A Study to Investigate Biomarker Effects of Pre-Surgical Treatment With DNA Damage Repair (DDR) Agents in Patients With Head and Neck Squamous Cell Carcinoma (HNSCC).

• ClinicalTrials.gov Identifier: NCT03022409
• Recruitment Status: Completed
• First Posted: January 16, 2017
• Last Update Posted: August 10, 2021
• Sponsor: AstraZeneca
• Information provided by (Responsible Party): AstraZeneca

Tracking Information

• First Submitted Date: January 13, 2017
• First Posted Date: January 16, 2017
• Last Update Posted Date: August 10, 2021
• Actual Study Start Date: September 18, 2017
• Actual Primary Completion Date: January 20, 2021 (Final data collection date for primary outcome measure)

Current Primary Outcome Measures (submitted: September 4, 2018)

Conversion of an immunologically based 25-gene signature from a prognostically unfavourable state to a prognostically favourable state. [ Time Frame: From baseline through Day 31 (Follow up) ]

To investigate prognosis-correlated immune activation due to DDR inhibition by monitoring the induction of immunologically relevant genes in tumours of patients treated with study investigational agent(s)

Original Primary Outcome Measures (submitted: January 13, 2017)

Proportion of patients who had modulation of selected TH1/IFNg genes shown by a transition from a TH1-low/IFNg non-related state to a TH1/IFNg stimulated state [ Time Frame: From baseline through Day 31 (Follow up) ]

Assessment of proportion of patients who had modulation of selected TH1/IFNg genes shown by a transition from a TH1-low/IFNg non-related state to a TH1/IFNg stimulated state

Current Secondary Outcome Measures (submitted: September 4, 2018)

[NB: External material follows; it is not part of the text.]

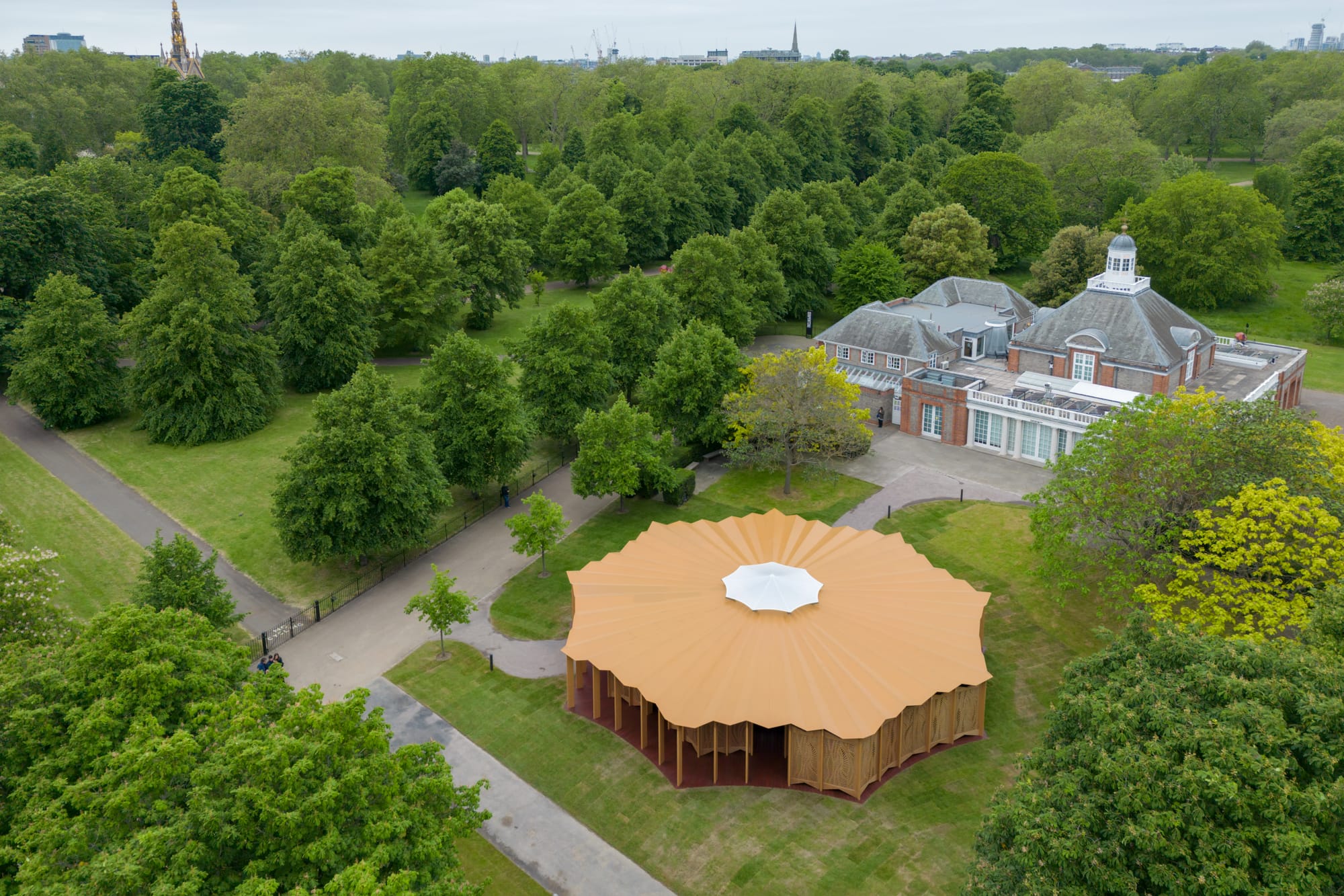 Serpentine Pavilion London, United Kingdom. Serpentine Pavilion 2023 designed by Lina Ghotmeh. © Lina Ghotmeh — Architecture. Photo: Iwan Baan, Courtesy: Serpentine.

• Transition from a low tumour infiltrating leukocyte (TIL) state (poor prognosis) to a high TIL state (favourable prognosis) shown by TIL enumeration and an increase in CD8+ T-cells [ Time Frame: From baseline through Day 31 (Follow up) ]
  To investigate the prevalence and localization of TILs associated with prognosis.
• Transition from a low TIL infiltrative state (poor prognosis) to a high TIL infiltrative state (favourable prognosis) shown by TIL enumeration and an increase in CD3+ T-cells [ Time Frame: From baseline through Day 31 (Follow up) ]
  To investigate the prevalence and localization of tumour infiltrating leukocytes (TILs) associated with prognosis.
• Number of patients with adverse events (AE) / serious adverse events (SAE) [ Time Frame: From time of signature of informed consent throughout the treatment period and including the follow-up period ]
  Assessment of the safety for each DDR agent in terms of the incidences of the AEs
• Vital signs [ Time Frame: From screening until Day 15 (+ 2 days) ]
  Assessment of the safety for each DDR agent in terms of the Vital signs
• Clinical chemistry/haematology [ Time Frame: From screening until Day 15 (+ 2 days) ]
  Assessment of the safety for each DDR agent in terms of the clinical chemistry / haematology assessments
• Number of patients with abnormal findings in Electrocardiograms (ECG) [ Time Frame: At screening and Day 1 ]
  Assessment of the safety for each DDR agent in terms of the ECG changes. A 12-lead ECG will be performed in triplicate at screening and at a time convenient during the visits (single ECG only required at subsequent visits).

Original Secondary Outcome Measures (submitted: January 13, 2017)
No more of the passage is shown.